Pictures in the material below are to be left out, and only the lines from the line with "Ruimtelijk spektakel met" up to and including the line with "Figure 16: Palau" are to be written out exactly.

▸ Extracted records:

::::::

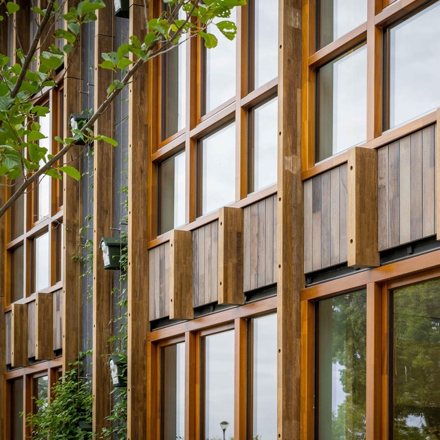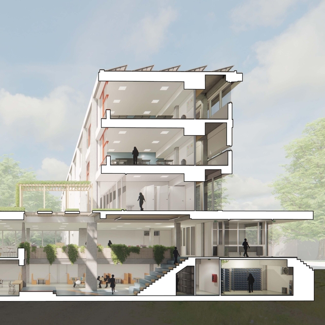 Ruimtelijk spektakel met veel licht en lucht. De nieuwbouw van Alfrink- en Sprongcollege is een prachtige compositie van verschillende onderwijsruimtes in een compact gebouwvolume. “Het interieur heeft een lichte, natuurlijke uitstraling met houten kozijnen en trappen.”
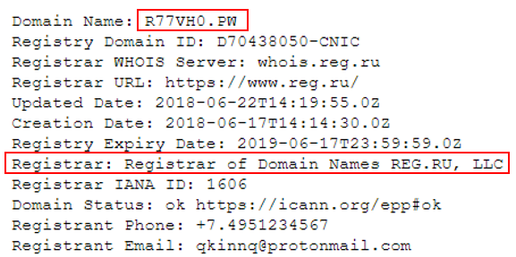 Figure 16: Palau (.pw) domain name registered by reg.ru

::::::

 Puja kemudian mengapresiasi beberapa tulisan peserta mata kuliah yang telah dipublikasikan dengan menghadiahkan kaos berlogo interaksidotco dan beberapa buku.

::::::

▸ Result:
 Ruimtelijk spektakel met veel licht en lucht. De nieuwbouw van Alfrink- en Sprongcollege is een prachtige compositie van verschillende onderwijsruimtes in een compact gebouwvolume. “Het interieur heeft een lichte, natuurlijke uitstraling met houten kozijnen en trappen.”
 Figure 16: Palau (.pw) domain name registered by reg.ru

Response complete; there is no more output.